I dreamt last night that I fell asleep for three years. The first thing I saw when I woke up was J-Lo, looking much worse for the wear; many wrinkles and come-back movies. What does this mean?

On ER last night, Abby half-quoted one of my favorite e.e. cummings poems. "I Carry Your Heart with Me." Here it is, in it's entirety:

i carry your heart with me (i carry it in
my heart) i am never without (anywhere
i go you go, i go, my dear; and whatever is done
by my only me is your doing, my darling)
i fear
no fate (for you are my fate, my sweet) i want
no world (for you beautiful you are my world, my true)
and it's you are whatever a moon has always meant
and whatever a sun will always sing is you

here is the deepest secret nobody knows
(here is the root of the root and the bud of the bud
and the sky of the sky of a tree called life; which grows
higher than soul can hope or mind can hide)
and this is the wonder that's keeping the stars apart.

i carry your heart with me (i carry it in my heart)

While doing laundry today, that Elizabeth Bishop poem kept echoing in my head: "The Art of Losing Isn't Hard to Master..." All I could really remember by heart was "practice losing farther, losing faster." I have been practising losing, or at least, practicing not being attached to the things I think I have. The message, I guess, is that you should lose something every day, maybe just so that you understand that things aren't important; that you will always be losing something whether you recognize it or not. Your youth, your memories, your house.

I give you, "One Art:"

The art of losing isn't hard to master;
so many things seem filled with the intent
to be lost that their loss is no disaster.

Lose something every day. Accept the fluster
of lost door keys, the hour badly spent.
The art of losing isn't hard to master.

Then practice losing farther, losing faster:
places, and names, and where it was you meant
to travel. None of these will bring disaster.

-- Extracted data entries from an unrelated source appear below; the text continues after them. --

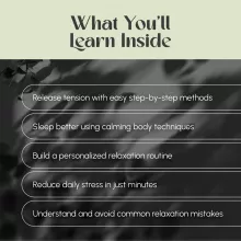 - Quick and easy methods to relax your body—no special equipment or prior experience needed.
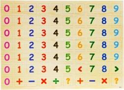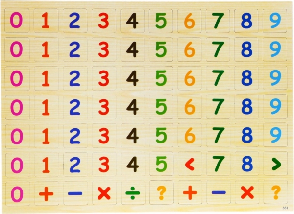 - Cutie din lemn cu tabla înmulțirii pe partea inferioară; carduri magnetice cu numere; carduri magnetice cu semne (+, −, ×, ÷, >, <, =, ?); forme magnetice colorate; discuri magnetice cu vremea, anotimpurile și zilele săptămânii; ceas magnetic; tablă magnetică cu două fețe; bețișoare de numărat din lemn colorate; ghid ilustrat; marker ștergător cu magnet
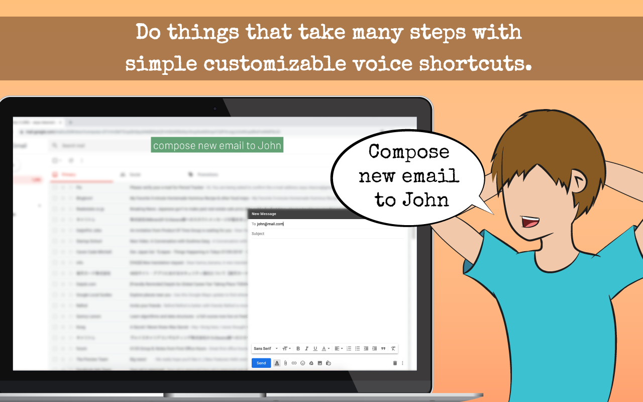 * 75+ default commands that can be expanded to infinity with additional plugins and tons of options * Multi-language support * Click anything on the page by saying "tag" then saying the annotation in the yellow box next to it. * 7 default plugins: * Reddit * Google * Hacker News * Anti-procrastination * Top Sites * WaniKani (Japanese Kanji Learning Tool) * Browser * Play, pause, mute videos... * Next tab, previous tab, select tab, new tab... * Scroll up, down, bottom, top...
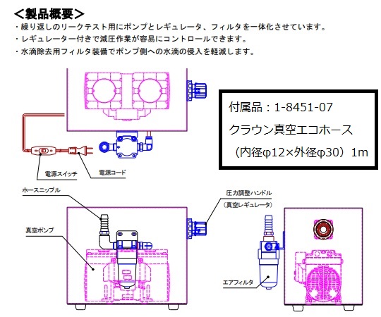 ●付属品:真空ホース1m(外径φ14mmホースニップル用)×1本
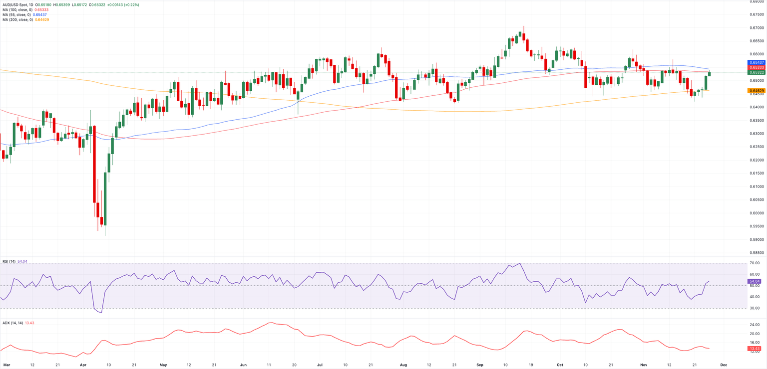 The Australian Dollar (AUD) gathers further steam on Thursday, motivating AUD/USD to advance for the fifth consecutive day and briefly hit fresh two-week highs near 0.6540, a region coincident with its provisional 55-day and 100-day SMAs.
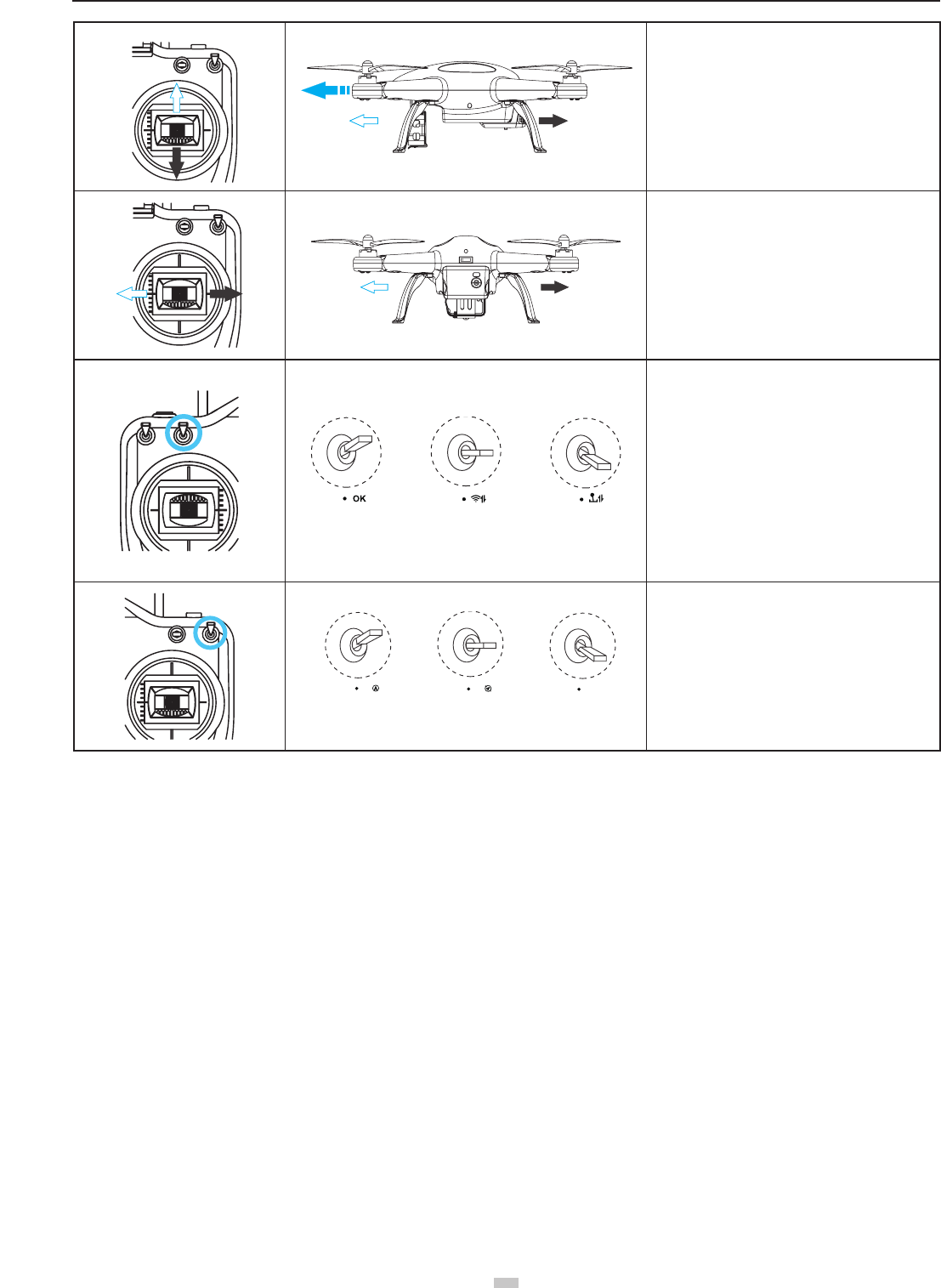 During low-Power automatic landing, you can regain control of the Quadcopter by switching the ight mode. However, do not do so repeatedly, as it may:
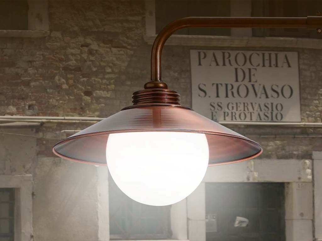 Outdoor wall sconce, wall lantern, brass wall light, perfect as garden wall lights. Line of lamps for outdoor use with brass structure, with burnished aged copper finish or polished shaded burnished finish and glossy white glass. High quality lamps with finishes that last over time, particularly suitable for villas, houses by the sea or elegant historic homes. Each item is realised with care and passion, it is enhanced by small distinctive features, typical characteristics now exclusive of craftsmanship. Dimensions: L 36,5 x P 53 x H 39 cm max 60W E27 IP44 220-240V (lightbulb not included) Colors and Finishes: BRRA – burnished / aged copper (model in the picture) BRSF – polished shaded burnished Glass: glossy white glass The ageing of these products is done manually so the color of brass may have different shades from those represented in the picture. These products are handcrafted with traditional and quality materials such as brass, expertly created by hand in order to obtain small and large lighting effects with a unique design and high quality finishes that last over time. Glass, blown by master craftsmen according to ancient processing techniques. Any small imperfections are to be considered as merits and traits of the refined workmanship and not manufacturing defects. Outdoor products are treated to live even near the sea. Made in Italy Product
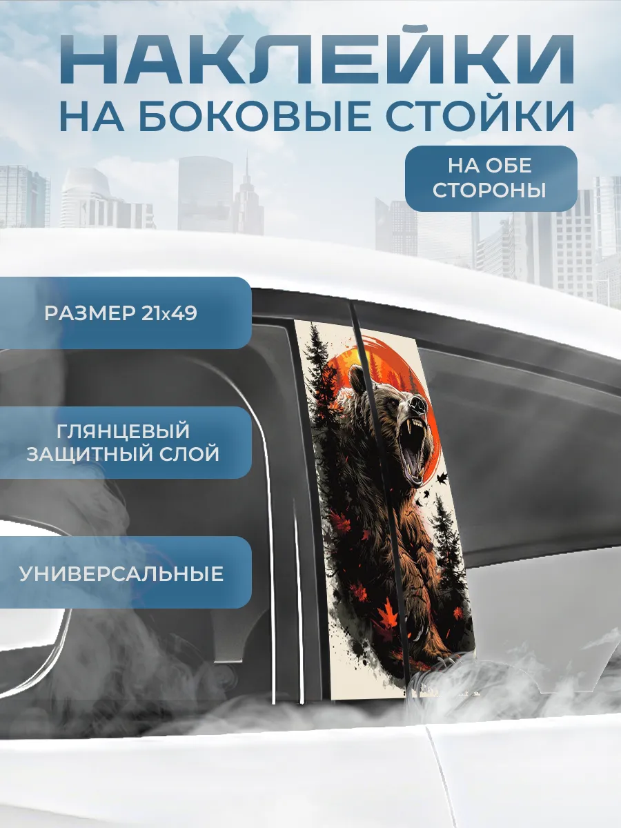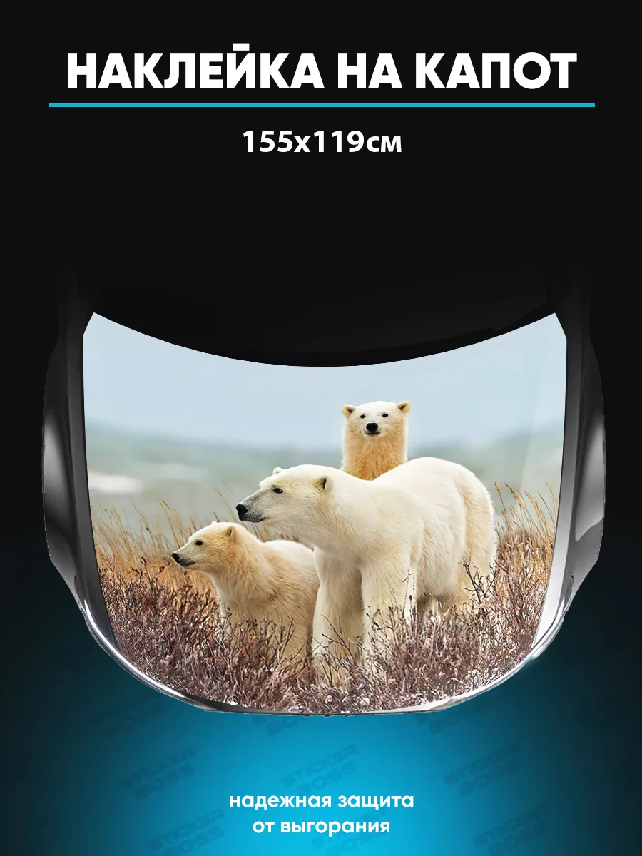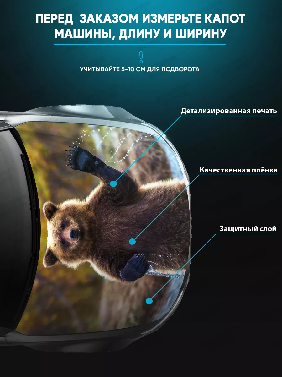 Представляем большую наклейку на капот авто с изображением бурого медведя, которая станет идеальным акцентом для вашего автомобиля
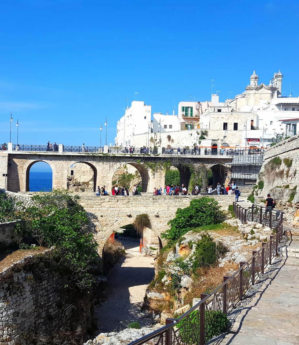 Beach Experience. After exploring the old town, I headed to Lama Monachile beach (also called Cala Porto), the iconic pebble beach nestled between towering cliffs. Despite visiting in April, I found several locals brave enough to dive from the surrounding rocks – a tradition that continues year-round. The beach is small but stunning, with the ancient Roman bridge of Lama Monachile creating a perfect frame for photos.
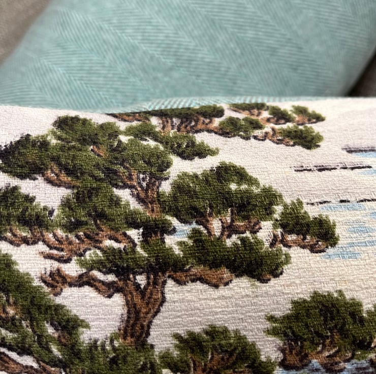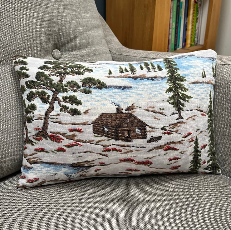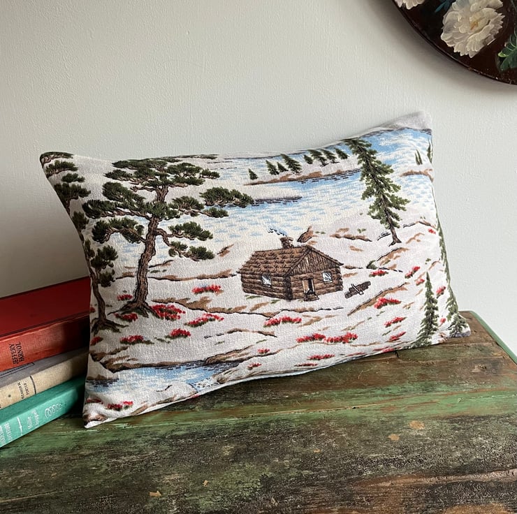 Beautiful feature cushion cover made from reclaimed vintage barkcloth from a curtain with an idyllic log cabin scene in a snowy landscape. The cushion cover is backed with wool-rich herringbone fabric in grey and blue.
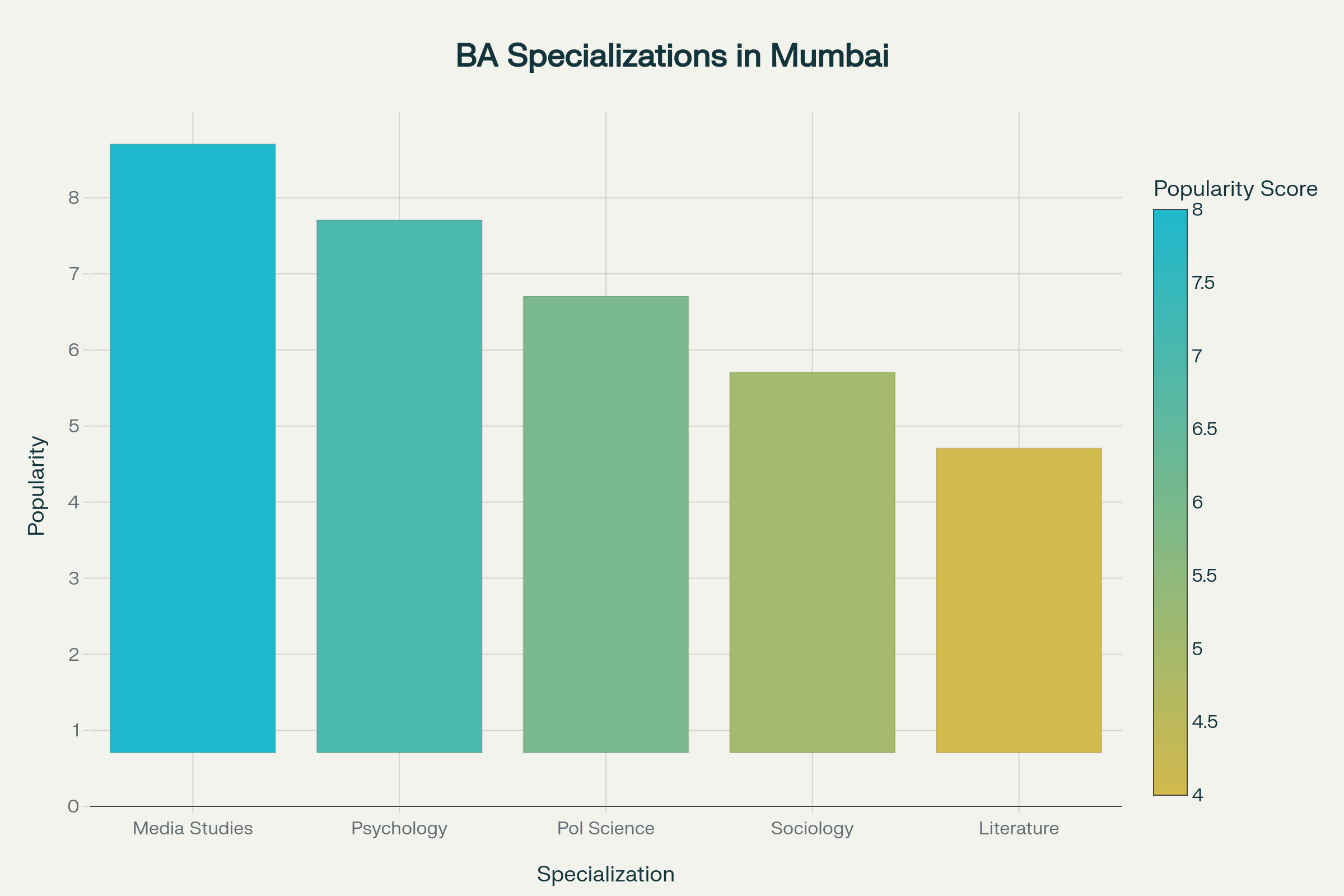 BA programs in Mumbai offer a variety of trending specializations such as Media Studies, Psychology, Political Science, Sociology and Literature. Choosing a specialization depends on career goals and colleges often provide guidance to align student interests with industry demands.
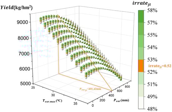 Response of crop yield Y to the maximum daily temperature and total precipitation during the ear stage (the orange sphere represents = 52%).
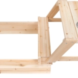 Kompaktan dizajn idealan je za terase, balkone ili manje vrtove. Zahvaljujući nekoliko mjesta za sjedenje nudi beskrajne mogućnosti za zajedničku igru i kreativne aktivnosti. Robusni kotači omogućuju lako premještanje pješčanog igrališta prema potrebi. Kvalitetna tekstilna navlaka Oxford štiti pješčanik kada se ne koristi. Preporučujemo zaštitnu lazuru za drvo za njegovu dugotrajnu ljepotu i funkcionalnost.
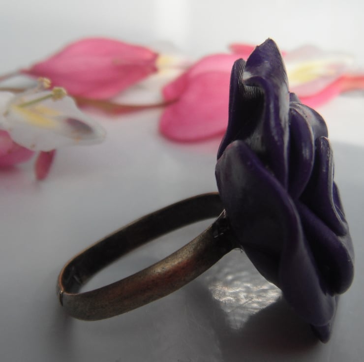 This is a hand crafted polymer clay rose, made from purple fimo, which is attached to an antique gold adjustable metal band.
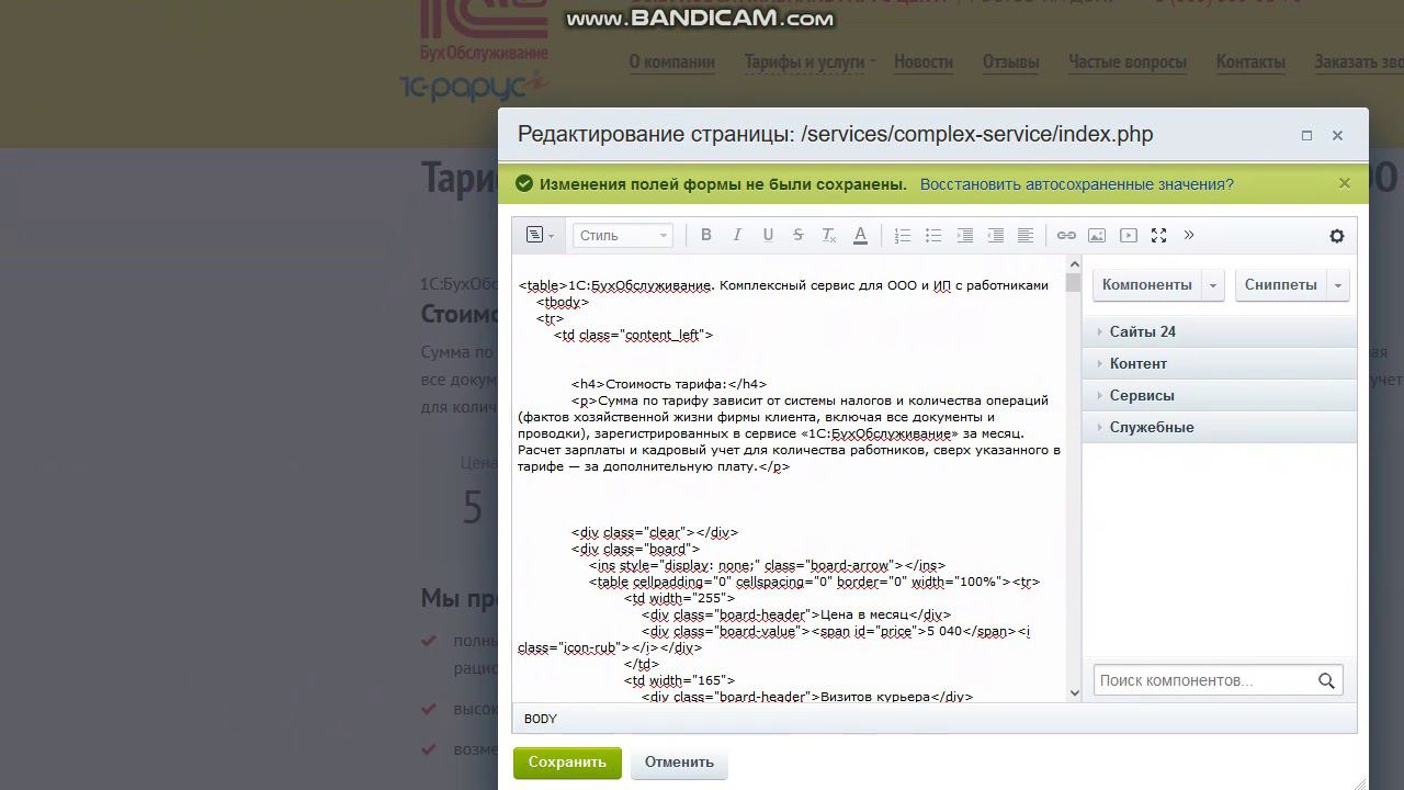 Удалить калькулятор тарифа в описании.
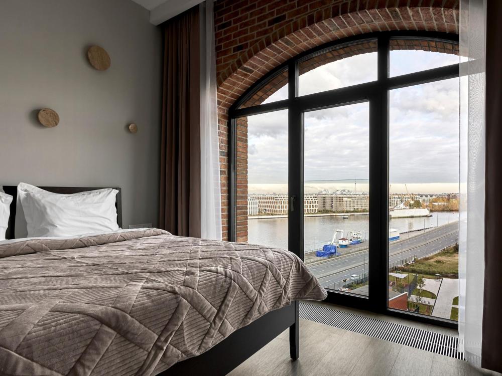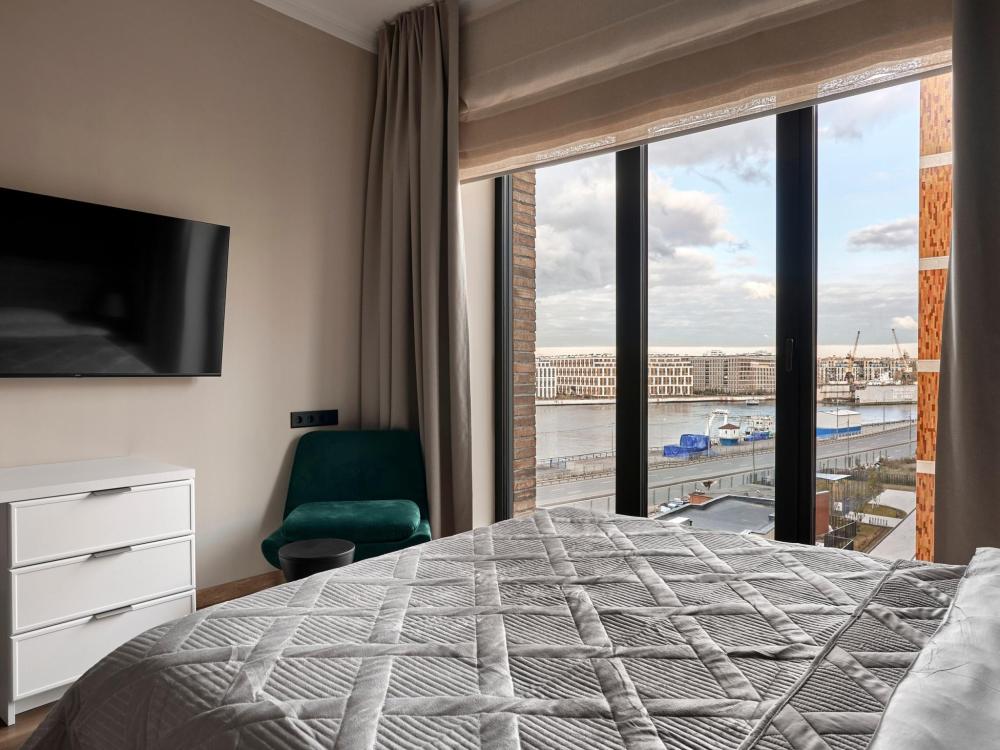 ◼ Эксклюзивные видовые Апартаменты Family площадью 70м² c 2-мя спальнями и кухней-гостиной с видом из панорамным видом из окон на реку Неву, Газпром Арену и Лахта-Центр для семейной пары с детьми или 6-х гостей Санкт-Петербурга! ◼ Высокие потолки, панорамные окна, отделка одной из стен клинкерным кирпичом, безупречная звукоизоляция, климатконтроль. ◼ В апартаменте есть все необходимое: 2 двуспальные кровати "King size" в спальнях, удобный раскладной диван (шириной 160 см), просторная кухня- гостиная. Кухонная зона: обеденная группа, плита, микроволновая печь, холодильник, чайник, посуда, столовые приборы, капсульная кофемашина Nespresso c набором капсул. Гардеробный шкаф с утюгом и гладильной доской. В ванной комнате фен, гигиенические принадлежности и набор полотенец, стиральная и сушильная машины. ◼ Внимание: корпус введен в эксплуатацию в январе 2024 г., сейчас продолжаются отделочные работы на этажах и работы по благоустройству территории в строго разрешенное законодательством время проведения шумных работ; указанные неудобства компенсируются пониженной стоимостью аренды апартамента! * В стоимость проживания не включена ежедневная уборка со сменой постельного белья и полотенец — оплачивается дополнительно по запросу.
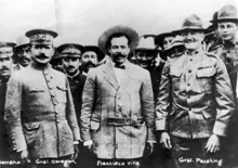Революционный генерал Франсиско Вилья (в центре) во время встречи с американским генералом Джоном Першингом (справа) в 1915 году. Слева – мексиканский генерал Альваро Обрегон |
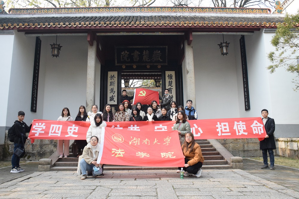 在岳麓书院,研会同学开展了宪法宣誓活动。张键同学首先向研会成员们分享自己的感受:“习近平总书记在参观岳麓书院时,教导我们做中华优秀传统文化的传承者和弘扬者,作为一名法学生,我们要不忘初心,牢记使命,尊重宪法和法律权威,努力成为中国法制建设的栋梁之材。”随后,他带领大家列队整齐,庄严宣誓。同学们通过铿锵有力的誓词,表达了学习宪法、忠于宪法、维护宪法的决心,并立下为建设法治中国不懈奋斗的坚定誓言。
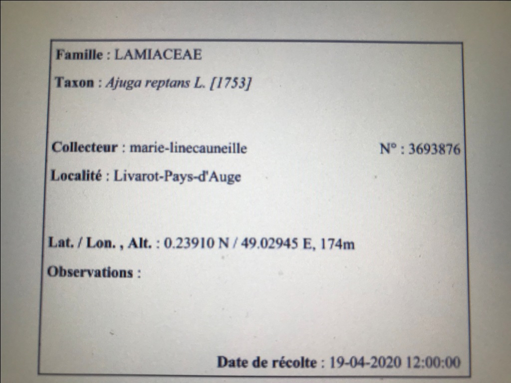 J'ai "joué" aux Herbonautes. C'est très intéressant et presque addictif. Certaines étiquettes remplies par des botanistes peu scrupuleux ou très anciens sont difficiles à déchiffrer. Mais celle-ci est exemplaire :

I lost my mother's watch. And look! my last, or
next-to-last, of three loved houses went.
The art of losing isn't hard to master.

I lost two cities, lovely ones.
And, vaster, some realms I owned, two rivers, a continent.
I miss them, but it wasn't a disaster.---

Even losing you (the joking voice, a gesture I love)
I shan't have lied. It's evident
the art of losing's not too hard to master
though it may look like (Write it!) like disaster.